The city had split itself clean down the middle — two armed camps, neighbors eyeing neighbors — and the man who lit that particular fuse was William Cowper Brann. Born in 1855, died in 1898, and in between those two years he made more enemies per paragraph than most men manage in a lifetime. Brann ran a magazine called The Iconoclast, and the name tells you everything you need to know about his intentions.
He was a gifted writer, the marker says so plainly, and he used every bit of that gift to attack. Baptists felt it. Baylor University felt it especially.

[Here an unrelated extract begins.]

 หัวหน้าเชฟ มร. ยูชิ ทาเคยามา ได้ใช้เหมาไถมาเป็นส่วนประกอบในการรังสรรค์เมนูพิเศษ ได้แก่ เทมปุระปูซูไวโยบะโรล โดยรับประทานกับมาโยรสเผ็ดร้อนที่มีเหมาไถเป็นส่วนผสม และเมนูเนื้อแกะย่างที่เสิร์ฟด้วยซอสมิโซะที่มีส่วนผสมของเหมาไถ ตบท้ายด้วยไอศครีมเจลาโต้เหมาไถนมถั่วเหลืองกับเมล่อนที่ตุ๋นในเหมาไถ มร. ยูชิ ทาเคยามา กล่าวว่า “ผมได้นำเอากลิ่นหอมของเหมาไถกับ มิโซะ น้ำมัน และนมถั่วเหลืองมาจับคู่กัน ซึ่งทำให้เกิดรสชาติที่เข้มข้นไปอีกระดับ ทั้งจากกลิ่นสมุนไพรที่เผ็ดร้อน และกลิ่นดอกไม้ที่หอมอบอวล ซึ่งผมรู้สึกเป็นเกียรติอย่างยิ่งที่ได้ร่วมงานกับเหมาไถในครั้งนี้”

His words were caustic — that's the marker's own word, caustic — and in 1890s Texas, caustic words had a way of finding their way to the end of a barrel. The tension had already drawn blood once before. In 1897, right in this part of Waco, a controversy sparked a duel between Judge George Bruce Gerald and James W.

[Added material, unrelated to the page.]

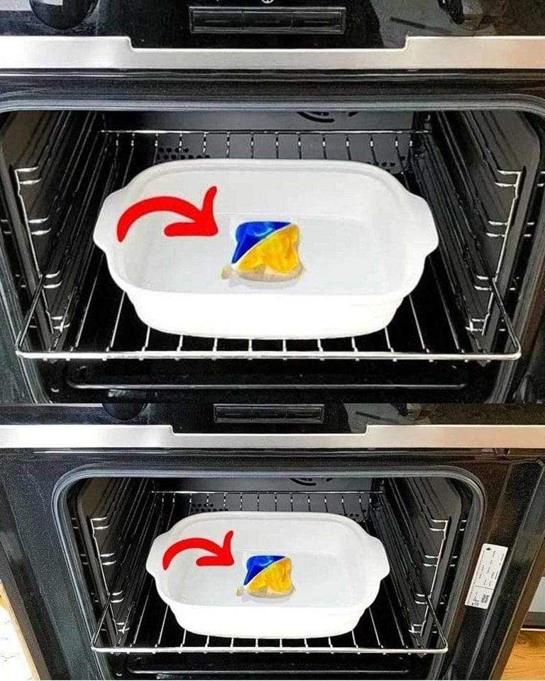 Vaatwastabletten zijn ontworpen om met hoge temperatuur vuil om te gaan. Het is dus geen wonder dat het werkt voor het reinigen van de oven!

Harris. That fight hadn't settled anything. If anything, it seasoned the ground for what came next.
A Baylor partisan named Tom E. Davis met Brann here — within a half block of that earlier fight, the marker is precise about that — and Davis shot him with a Colt .45 revolver. Now Brann was a writer, not a soldier, but he returned the fire.

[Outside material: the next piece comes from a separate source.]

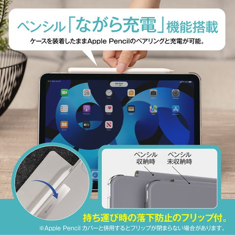装着したままApplePencilProを充電できます。落下防止のフリップ付きデザインです。

Both men went down. And both men died the following day from their wounds. Two men, one street, one half block from a duel that had already happened, and both of them gone before the next sundown.
Waco's two armed camps didn't settle things with a debate. They settled things the only way that kind of tension ever really settles — and even then, it didn't feel settled at all.
What the marker says
The city of Waco in the 1890s divided into two armed camps over the caustic criticisms of William Cowper Brann (1855-1898) in his magazine, "The Iconoclast". A gifted writer, Brann attacked many organizations, especially Baptists and Baylor University. This controversy sparked a duel in 1897 between Judge George Bruce Gerald and James W. Harris. A Baylor partisan, Tom E. Davis, met Brann here, within a half block of the earlier fight, and shot him with a Colt .45 revolver. Brann returned the fire. Both men died the following day from their wounds.